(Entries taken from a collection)
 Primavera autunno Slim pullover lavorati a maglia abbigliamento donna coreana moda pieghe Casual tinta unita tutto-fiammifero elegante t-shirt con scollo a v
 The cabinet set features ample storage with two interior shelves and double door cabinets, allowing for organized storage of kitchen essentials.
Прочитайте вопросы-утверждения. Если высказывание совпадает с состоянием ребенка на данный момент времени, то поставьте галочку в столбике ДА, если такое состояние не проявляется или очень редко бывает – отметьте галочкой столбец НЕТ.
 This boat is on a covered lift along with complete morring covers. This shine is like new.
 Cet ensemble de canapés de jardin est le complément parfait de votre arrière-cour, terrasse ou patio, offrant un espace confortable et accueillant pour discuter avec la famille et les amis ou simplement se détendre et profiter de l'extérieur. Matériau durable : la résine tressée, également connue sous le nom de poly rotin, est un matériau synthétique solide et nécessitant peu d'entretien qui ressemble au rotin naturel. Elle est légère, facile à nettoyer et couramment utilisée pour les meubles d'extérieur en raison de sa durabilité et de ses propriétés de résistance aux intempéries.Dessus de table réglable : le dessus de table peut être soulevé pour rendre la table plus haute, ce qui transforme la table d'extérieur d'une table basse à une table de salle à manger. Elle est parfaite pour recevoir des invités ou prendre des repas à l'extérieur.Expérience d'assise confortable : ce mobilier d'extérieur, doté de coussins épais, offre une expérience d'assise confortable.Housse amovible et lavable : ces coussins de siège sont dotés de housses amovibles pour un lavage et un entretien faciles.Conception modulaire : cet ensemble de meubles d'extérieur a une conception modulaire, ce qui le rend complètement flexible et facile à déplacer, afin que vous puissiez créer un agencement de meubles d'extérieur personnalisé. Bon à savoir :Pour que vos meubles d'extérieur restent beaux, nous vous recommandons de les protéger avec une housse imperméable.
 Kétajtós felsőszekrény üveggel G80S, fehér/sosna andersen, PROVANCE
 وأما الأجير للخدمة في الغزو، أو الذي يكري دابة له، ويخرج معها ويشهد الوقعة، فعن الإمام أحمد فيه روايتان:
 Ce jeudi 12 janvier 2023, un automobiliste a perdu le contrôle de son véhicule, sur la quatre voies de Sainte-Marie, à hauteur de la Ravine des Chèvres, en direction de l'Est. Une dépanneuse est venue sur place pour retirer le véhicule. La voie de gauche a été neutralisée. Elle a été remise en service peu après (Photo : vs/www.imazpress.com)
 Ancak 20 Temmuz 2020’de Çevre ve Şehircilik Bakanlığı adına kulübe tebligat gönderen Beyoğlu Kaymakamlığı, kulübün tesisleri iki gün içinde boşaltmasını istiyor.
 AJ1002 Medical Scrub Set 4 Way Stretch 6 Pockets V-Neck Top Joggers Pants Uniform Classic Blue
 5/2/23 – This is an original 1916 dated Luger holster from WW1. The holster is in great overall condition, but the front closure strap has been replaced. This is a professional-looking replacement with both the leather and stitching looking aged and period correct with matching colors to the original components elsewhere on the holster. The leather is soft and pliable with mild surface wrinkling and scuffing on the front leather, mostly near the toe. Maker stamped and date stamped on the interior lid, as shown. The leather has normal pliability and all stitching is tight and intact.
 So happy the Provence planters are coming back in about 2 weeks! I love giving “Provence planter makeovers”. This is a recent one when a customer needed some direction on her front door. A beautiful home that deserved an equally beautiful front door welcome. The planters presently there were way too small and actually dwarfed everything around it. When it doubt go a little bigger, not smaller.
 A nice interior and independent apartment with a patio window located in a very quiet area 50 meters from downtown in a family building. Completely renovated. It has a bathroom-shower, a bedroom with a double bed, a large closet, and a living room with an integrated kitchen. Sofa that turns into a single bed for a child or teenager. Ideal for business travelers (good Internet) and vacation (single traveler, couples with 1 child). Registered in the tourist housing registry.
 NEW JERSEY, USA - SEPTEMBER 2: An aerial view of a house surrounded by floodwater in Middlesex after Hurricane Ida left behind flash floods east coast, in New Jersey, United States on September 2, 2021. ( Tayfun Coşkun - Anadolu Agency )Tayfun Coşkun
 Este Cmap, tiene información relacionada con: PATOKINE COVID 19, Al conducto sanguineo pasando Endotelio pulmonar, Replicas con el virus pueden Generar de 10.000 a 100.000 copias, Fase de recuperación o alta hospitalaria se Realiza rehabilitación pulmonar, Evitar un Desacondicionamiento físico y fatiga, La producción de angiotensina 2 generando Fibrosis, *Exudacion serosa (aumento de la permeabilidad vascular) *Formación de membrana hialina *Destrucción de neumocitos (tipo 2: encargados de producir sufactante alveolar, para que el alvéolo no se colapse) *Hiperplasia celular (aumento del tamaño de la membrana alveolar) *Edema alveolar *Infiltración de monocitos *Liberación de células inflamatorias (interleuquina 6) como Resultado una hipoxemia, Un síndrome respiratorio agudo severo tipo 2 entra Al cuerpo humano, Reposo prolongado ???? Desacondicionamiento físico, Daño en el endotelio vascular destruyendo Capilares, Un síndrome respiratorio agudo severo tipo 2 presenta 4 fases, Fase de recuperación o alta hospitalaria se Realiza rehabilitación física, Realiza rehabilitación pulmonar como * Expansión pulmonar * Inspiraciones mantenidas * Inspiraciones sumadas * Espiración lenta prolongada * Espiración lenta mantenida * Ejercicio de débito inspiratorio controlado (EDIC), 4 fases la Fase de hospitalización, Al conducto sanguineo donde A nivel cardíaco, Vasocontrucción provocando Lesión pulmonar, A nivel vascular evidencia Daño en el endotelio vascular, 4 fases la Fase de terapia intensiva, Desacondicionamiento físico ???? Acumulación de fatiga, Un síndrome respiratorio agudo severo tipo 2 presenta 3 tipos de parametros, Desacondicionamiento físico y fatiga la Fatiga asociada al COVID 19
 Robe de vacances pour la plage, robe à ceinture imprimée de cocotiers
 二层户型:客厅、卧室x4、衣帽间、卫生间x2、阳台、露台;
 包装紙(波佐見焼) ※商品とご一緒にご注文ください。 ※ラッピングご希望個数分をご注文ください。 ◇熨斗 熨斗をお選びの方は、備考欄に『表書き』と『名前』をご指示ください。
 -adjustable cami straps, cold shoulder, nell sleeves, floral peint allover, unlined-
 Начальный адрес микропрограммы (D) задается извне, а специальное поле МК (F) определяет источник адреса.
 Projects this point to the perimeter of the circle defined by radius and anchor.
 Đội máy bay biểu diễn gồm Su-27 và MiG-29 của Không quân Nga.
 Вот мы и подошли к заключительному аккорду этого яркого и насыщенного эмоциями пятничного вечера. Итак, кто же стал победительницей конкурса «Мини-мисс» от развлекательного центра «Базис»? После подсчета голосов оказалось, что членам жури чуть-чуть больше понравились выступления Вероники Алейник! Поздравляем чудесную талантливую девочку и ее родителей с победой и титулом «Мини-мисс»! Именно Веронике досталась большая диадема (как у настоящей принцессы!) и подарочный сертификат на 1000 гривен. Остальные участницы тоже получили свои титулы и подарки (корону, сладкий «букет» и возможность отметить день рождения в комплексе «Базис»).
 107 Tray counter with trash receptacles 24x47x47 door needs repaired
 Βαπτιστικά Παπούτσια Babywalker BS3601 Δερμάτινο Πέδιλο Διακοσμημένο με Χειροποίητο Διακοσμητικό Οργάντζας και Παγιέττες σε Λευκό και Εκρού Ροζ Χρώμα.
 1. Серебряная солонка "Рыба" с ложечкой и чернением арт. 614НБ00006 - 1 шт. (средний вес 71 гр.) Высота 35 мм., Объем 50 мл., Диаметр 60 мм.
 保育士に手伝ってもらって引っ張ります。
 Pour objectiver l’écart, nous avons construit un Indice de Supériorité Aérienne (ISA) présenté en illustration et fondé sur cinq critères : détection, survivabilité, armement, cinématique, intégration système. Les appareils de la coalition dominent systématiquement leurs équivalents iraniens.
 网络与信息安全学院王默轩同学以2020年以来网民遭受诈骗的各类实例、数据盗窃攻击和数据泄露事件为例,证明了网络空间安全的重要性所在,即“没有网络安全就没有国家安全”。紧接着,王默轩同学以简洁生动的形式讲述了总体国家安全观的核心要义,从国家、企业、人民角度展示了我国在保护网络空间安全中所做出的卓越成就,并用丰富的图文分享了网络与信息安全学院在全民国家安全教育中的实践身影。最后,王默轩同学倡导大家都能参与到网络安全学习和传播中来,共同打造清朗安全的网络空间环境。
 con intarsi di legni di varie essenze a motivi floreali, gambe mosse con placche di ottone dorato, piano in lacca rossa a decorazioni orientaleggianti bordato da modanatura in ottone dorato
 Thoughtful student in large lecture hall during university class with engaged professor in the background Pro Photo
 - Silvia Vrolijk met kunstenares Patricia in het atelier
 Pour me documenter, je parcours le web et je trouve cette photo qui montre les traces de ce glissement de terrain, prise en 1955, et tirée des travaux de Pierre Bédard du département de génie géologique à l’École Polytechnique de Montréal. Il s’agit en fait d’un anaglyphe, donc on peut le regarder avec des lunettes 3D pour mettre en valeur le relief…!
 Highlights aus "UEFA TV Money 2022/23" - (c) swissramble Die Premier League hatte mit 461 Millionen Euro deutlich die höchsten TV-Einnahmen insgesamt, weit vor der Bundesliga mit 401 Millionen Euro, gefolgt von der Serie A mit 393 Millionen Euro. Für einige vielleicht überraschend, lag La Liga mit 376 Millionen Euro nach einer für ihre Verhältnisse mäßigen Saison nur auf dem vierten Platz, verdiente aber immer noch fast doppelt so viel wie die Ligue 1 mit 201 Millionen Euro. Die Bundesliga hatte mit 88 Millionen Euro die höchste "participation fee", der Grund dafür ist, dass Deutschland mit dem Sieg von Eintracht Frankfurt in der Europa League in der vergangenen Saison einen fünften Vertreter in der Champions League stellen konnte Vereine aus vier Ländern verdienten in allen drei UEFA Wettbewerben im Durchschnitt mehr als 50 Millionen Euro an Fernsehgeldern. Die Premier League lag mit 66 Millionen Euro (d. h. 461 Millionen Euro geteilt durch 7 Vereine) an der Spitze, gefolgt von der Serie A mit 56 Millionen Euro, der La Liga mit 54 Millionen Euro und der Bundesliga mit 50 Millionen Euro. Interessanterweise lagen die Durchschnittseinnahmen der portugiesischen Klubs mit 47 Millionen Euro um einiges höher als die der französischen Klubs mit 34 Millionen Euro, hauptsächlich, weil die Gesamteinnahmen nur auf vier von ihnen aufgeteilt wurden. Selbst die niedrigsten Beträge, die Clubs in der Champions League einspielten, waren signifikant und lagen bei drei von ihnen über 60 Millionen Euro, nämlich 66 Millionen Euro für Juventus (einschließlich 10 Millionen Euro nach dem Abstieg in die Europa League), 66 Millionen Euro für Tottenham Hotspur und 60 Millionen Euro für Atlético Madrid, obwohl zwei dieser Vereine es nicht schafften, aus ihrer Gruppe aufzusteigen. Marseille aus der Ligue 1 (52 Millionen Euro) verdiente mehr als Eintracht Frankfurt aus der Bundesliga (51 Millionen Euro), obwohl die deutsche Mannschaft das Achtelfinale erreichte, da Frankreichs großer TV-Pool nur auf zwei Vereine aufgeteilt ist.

Work item:
Every line of the records above where the string "kitchen" is found should be copied.

Response for this exercise:
 The cabinet set features ample storage with two interior shelves and double door cabinets, allowing for organized storage of kitchen essentials.
 A nice interior and independent apartment with a patio window located in a very quiet area 50 meters from downtown in a family building. Completely renovated. It has a bathroom-shower, a bedroom with a double bed, a large closet, and a living room with an integrated kitchen. Sofa that turns into a single bed for a child or teenager. Ideal for business travelers (good Internet) and vacation (single traveler, couples with 1 child). Registered in the tourist housing registry.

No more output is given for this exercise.